I used to ride a horse with 1 eye. Lovely sweet mare. Jumped no problem. There was a horse on the local circuit who had a cracking jump and frequently won his classes.


----------



## Nudibranch (22 February 2013)

OP looking at your location, is this horse being advertised fairly locally (i.e. north east) at a very cheap price? Gelding by any chance?


----------



## Bay TB (22 February 2013)

I have a friend who has a young pony that only has one eye now. She had her from a foal and she had a freak accident in the field one day as a yearling which resulted in her losing one eye. My friend still went on to back her and she is now a happy 4/5 year old who hacks out, schools and jumps. She did have some initial problems with her spooking in traffic whilst out hacking due to her not always seeing buses etc.. coming but she has settled down well and has got used to it.


----------



## Kat (22 February 2013)

Might be worth looking up posts on here by MontyandZoom and maybe sending her a PM (she doesn't post here much anymore) her mare has only one eye.


----------



## princestar (10 March 2013)

When I was at equine college there was a horsebwith one eye - it was fully removed and like a hole... soon got used to it but was curious about it as never seen one when I first started college. He competed, was schooled and lived a normal life except for placement of buckets and not to move anything too much in his stable. Was also one at a local riding school who was amazing - needed more space to see a jump if coming from his blind side but amazing little fella.

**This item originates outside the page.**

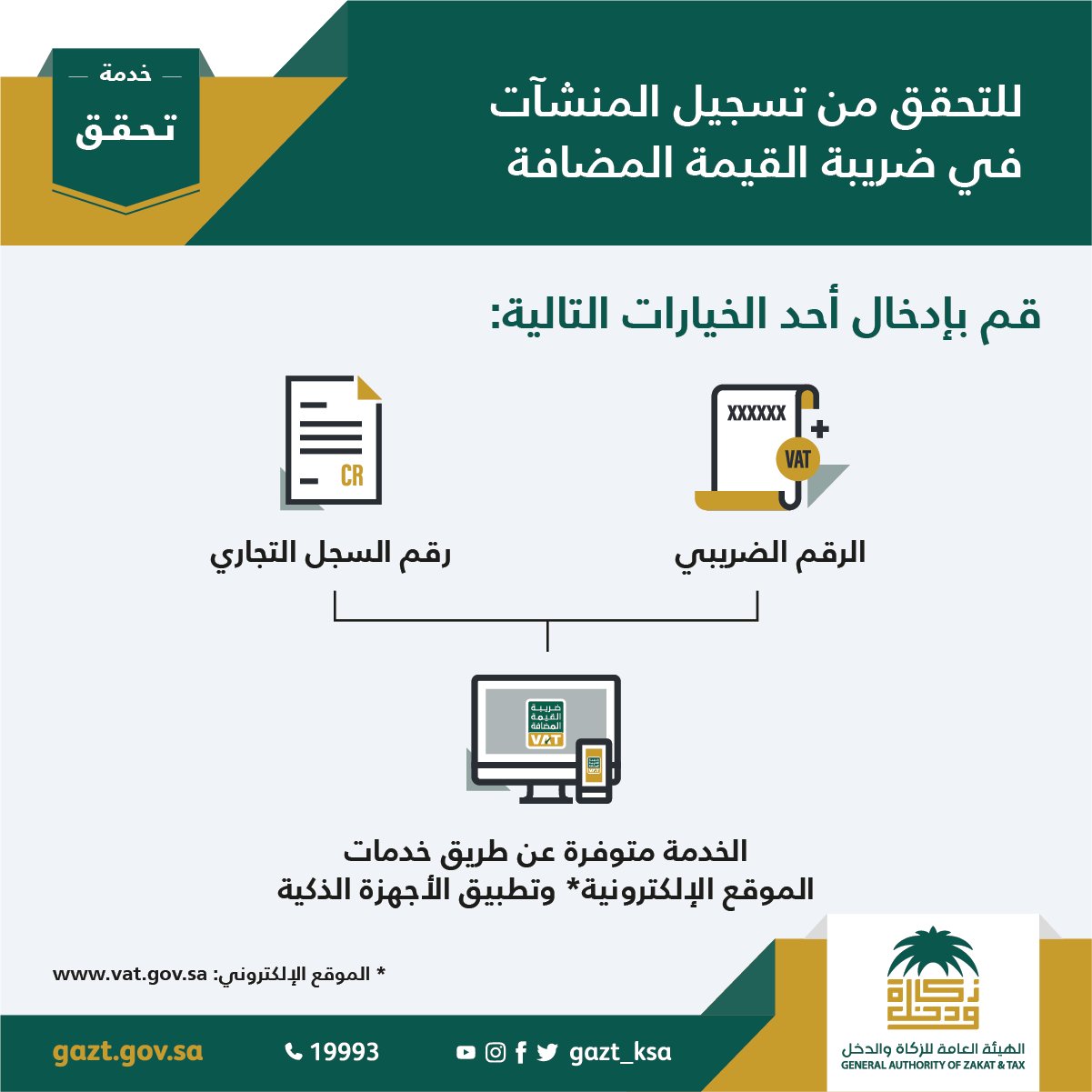التحقق من التسجيل في ضريبة القيمة المضافة

Go for it, he may need you to be morr of his eyes - to show him the way and reassurre him theres no need to worry - you will be his leader and not hurt him. 

Good luck  xx


----------



## NaeNae87 (11 March 2013)

At Tafe there was a lovely Standardbred called Poppy. She only hd one eye... and was a pretty successful pacer. She came to Tafe for retirement as she was 10 I think, and her owners wanted to show students that partially blind horses can still do most things that sighted horses can do. They just need to be given a chance.  There was a lovely video on youtube.... 
Here it is. http://www.youtube.com/watch?v=EXMynWZIfLc
The trust this horse has in his owner is amazing.


----------



## katastrophykat (11 March 2013)

Mine competes, he has a few eye issues... Manages fine, I am careful in poor light but he's fine! Has hunted (has no brakes!!) shown to county level, and I mainly do driving trials with him x


----------



## poiuytrewq (11 March 2013)

I agree with goldenstar. You need to know for sure it's a stable condition. I had one that lost 50% vision in both eyes suddenly and she was a bit spooky for a couple of weeks and then was perfectly ok. 
I've currently got a horse with uvietis and its progressively got worse. He's currently unsafe to be ridden. We've gone from horse of a lifetime to probably retiring a 6 yr old


----------



## ILuvCowparsely (11 March 2013)

As mentioned one of mine had 20% vision she coped.

 the important thing is

 Trust with you
trust with field companions
careful leading her in and out box, making sure nothing for her to bang into. 
riding keeping good contact so she feels secure. 
careful going up pavements and over obstacles in the path.  Once they have total trust, there is nothing they wont do.


----------



## Meeko (11 March 2013)

Thank you for all your helpful replies!

Sorry in the delay, the eye issue is due to a accident when she was a foal, its not a on going problem and she deals with it fine, she can be a little more spooky but thats about it.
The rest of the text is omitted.